Now I want to get more minimalist. This morning I figured out the fewest steps to getting a Hello World console app built and running, with dot net core RC2. And I'm sure I'll have to refer back to it.

Install nodejs to get ndm.


npm install -g yo generator-aspnet

yo aspnet

Tell it to gen Console App HelloWorld


cd .\HelloWorld\

dnvm upgrade -r coreclr

dnu restore

dnx run

Wednesday, November 18, 2015

The Lurking Ligature

I ran into another horror on the road to making texts instantly available. In typography, a ligature is a special character made by joining two letters. For example, æ. There are also ligatures for prettifying text. There's an fl ligature, which won't render in Blogger, so I can't show it in this sentence. There's an Adobe PDF editor that includes ligatures as an option when you save a document. It will convert the fl's in the document into the special fl character, with the tops of the f and l connected, like the fl in 'reflections' from this book:

Yet another anomaly confusing machines, and people searching for 'reflections', although I expect Windows and Google handle ligatures automatically. Something to consider if you author PDF docs, and want your doc to be find-able.

Sunday, November 15, 2015

Added SundZ to GA App

Earlier this year I added full text search to the GA App, and I started adding content to the GA App. I started with some papers, and then added pages they cited, mainly individual German pages from GA volumes and pages from translated books. I would manually create each page in HTML and then manually add a hyperlink to the page, to the citation in the paper. Generally I would pick pages that were cited a lot, so adding a new page would allow me to add hyperlinks to multiple papers.

I would also add the new pages to the full text search index.

I created and added a couple hundred HTML pages, but creating each page manually didn't scale. I would take too long to create HTML pages for most of Heidegger's works. So at the beginning of summer I set that aside, and started looking into ways of generating the HTML pages automatically.

Most of the texts available on the internet are in PDF files. I spent some time experimenting with different tools and libraries of PDF functions.
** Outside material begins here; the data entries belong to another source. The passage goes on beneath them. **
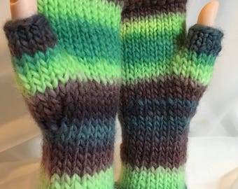 A pair of knitted gloves with a striped pattern in shades of green, brown, and grey. The gloves are held up with fingers spread apart, showcasing the texture and color of the knitting. The background is a plain, light-colored surface. | Hamd spun hand knit muffatees, fingerless gloves variegated teal, green, gray and mauve. Pill resistant. | 413d0984980a66cb2b020f01fa4104119db0d52430f939d1857359853eba6f67 | 001401440659 | 0 | 0 | 40 | 15 | 0 | 0 | |
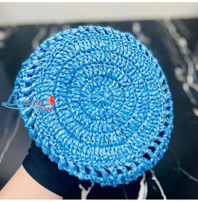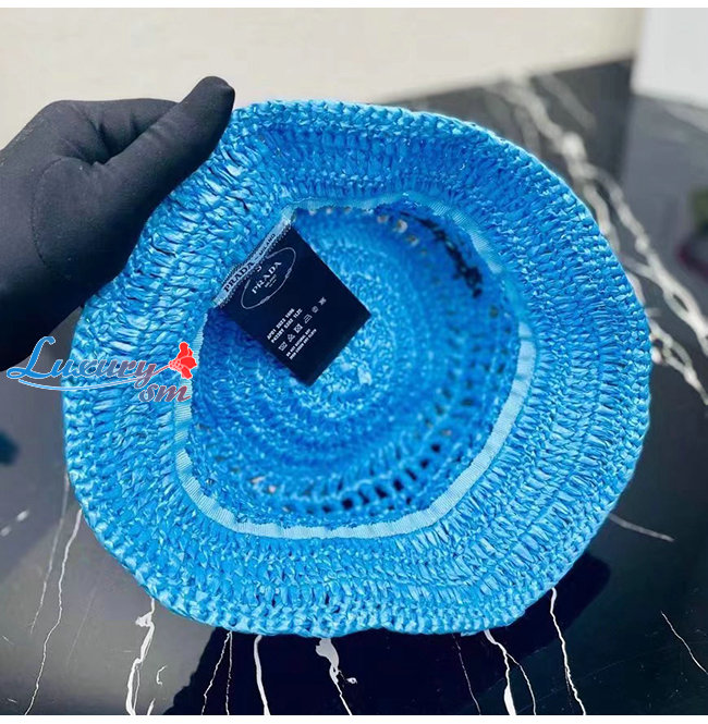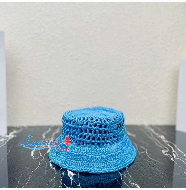 PRADA-1HC137 프라다 블루 라피아 버킷 햇 여성용
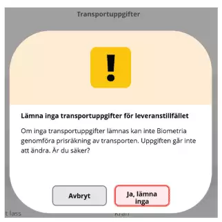 Om du väljer att avstå vägning i detta skede får du bekräfta att vägning ska avstås.
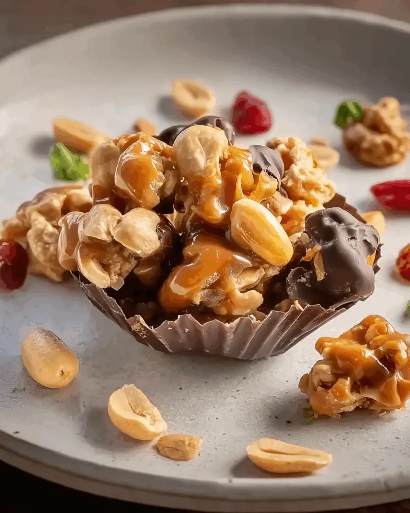 Sweet, salty, and delightfully crunchy, these Salted Peanut Caramel Clusters combine roasted peanuts, creamy caramel, and rich chocolate into irresistible bite-sized treats.
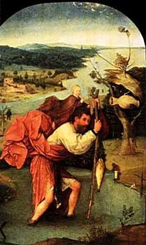 Ante las dudosas interpretaciones a las que se prestan normalmente las pinturas del Bosco, en este caso el sentido parece evidente: un hombre gigantesco con un niño a su espalda no puede ser sino San Cristóbal, cuyo nombre significa "portador de Cristo". La historia de San Cristóbal procede de la Leyenda Dorada y de diversas historias populares alemanas. Toda su historia está reflejada en el paisaje: San Cristóbal era un soldado, mercenario, que entró al servicio del señor más poderoso que encontró, es decir, el demonio. Este demonio era el dragón que se encuentra en el castillo, al fondo a la izquierda. Sin embargo, un ermitaño que encontró a la orilla de un río le informó de que el señor más poderoso que existía era Dios. El soldado, incrédulo, encontró a un niño que le pidió que le pasara el río a hombros. Cristóbal, riendo, tomó al niño para cruzarlo, pero su peso era como el plomo y reconoció que aquel era Jesús, poderoso aunque de aspecto débil. El peso de Jesús se interpreta habitualmente como el peso del mundo y sus tentaciones sobre el ánimo de los cristianos. Cristóbal abandonó al dragón, que aparece persiguiendo a un hombre desnudo. También abandonó los placeres del hombre de armas, como es la caza, lo que podemos reconocer en el cazador que tras abatir a un oso con sus flechas lo ahorca. El ermitaño que aconsejó a Cristóbal está, efectivamente, en la orilla. Sobre él, una jarra y una colmena, símbolo de la vida del eremita pero también de las tentaciones de lascivia. Por último, el pescado colgando del bastón de Cristóbal es el símbolo de la cuaresma y la conversión.
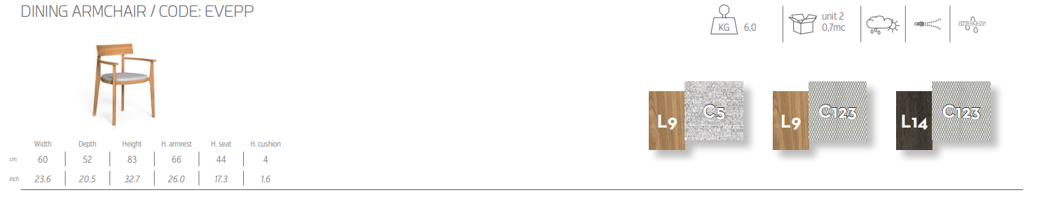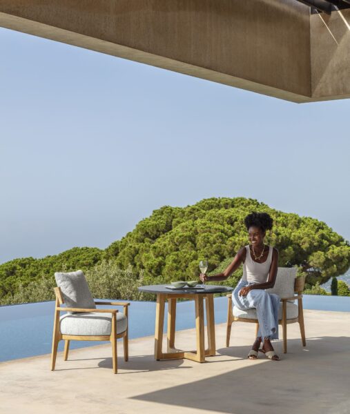 Обеденный стул Ever отличается прочной деревянной конструкцией, которая смягчается мягкими линиями его дизайна. Подушки придают этому предмету мебели культовую эстетику, создавая удобное и располагающее к себе сиденье. Текстура материалов в сочетании с минималистичным дизайном делают его идеальным предметом мебели для жизни на открытом воздухе.
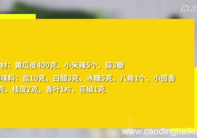 步骤1准备食材:黄瓜皮400克、小米辣5个、蒜3瓣、盐10克、白醋3克、冰糖5克、八角1个、小茴香2克、桂皮2克、香叶1片、花椒1克 。步骤2黄瓜皮洗净 。步骤3切段 。步骤4加盐拌匀 。步骤5腌制30分钟 。步骤6出水后,用清水洗净 。步...
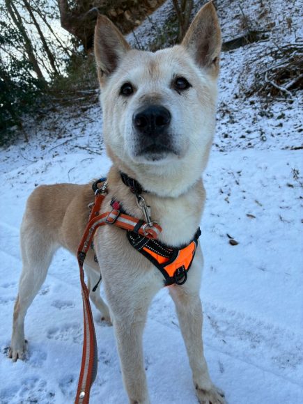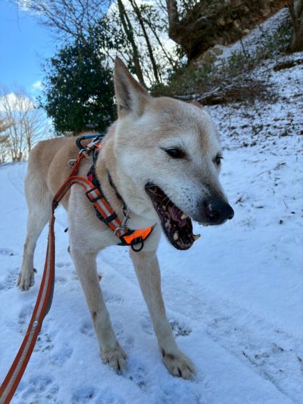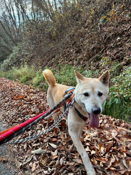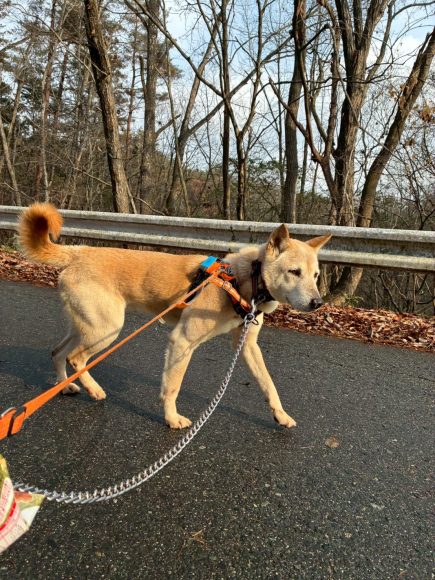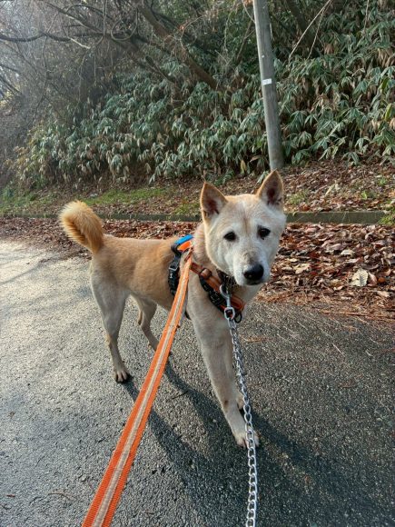 大きい体なので引っ張りが強いのではと心配していましたが人の斜め後ろをゆっくり歩いてくれます。

Getting the raw text out of a PDF file isn't difficult, but I wanted the HTML pages to look as much like the page in the book as possible. That meant getting information about the fonts (size, italics, etc.) and position (is a paragraph indented?).

I settled on using a library called pdfbox (it's on GitHub). I see they have a new version, 2.0, released last month. I'll have to try out the new one. I used the .NET version of 1.8.7. With pdfbox, I can get a list of all the characters on a page, with the coordinates of each, and font information.

I tried several different PDF files of books, and they were all sufficient different. That I ended up writing different programs to extract pages form different books. The programs have a common pattern and share common functions, but a single program that could handle all the books would be too complex. I decided to concentrate on the program to generate HTML pages from a PDF file of Sein und Zeit., SundZSteller.EXE. By October I had it working, generating HTML pages for all 437 pages of text in the book.

To date, when I need to add new data to the GA App, I rebuild the database; throw away the old database and create a new one. To add all 437 book pages, I wanted to figure out how to add a book with rebuilding everything. So I wrote a program that (1) adds the pages to Azure Storage, (2) adds the pages to Azure Search, and (3) adds the pages to the GA database. I finished the program yesterday and ran it and added the 437 pages to the GA App.

When someone searches for a term in the GA App, and Azure Search finds the term in a SundZ page, it returns a link to that page (and links to anywhere else the term was found). The link fetches the page's data from the database, displays the book page details web page with the data, and fetches the book page HTML from Azure Storage, and also displays the book page in the same web page.

Now I will go on to the next book, and write a program to extract all the pages from its PDF file. It should take less effort the second time.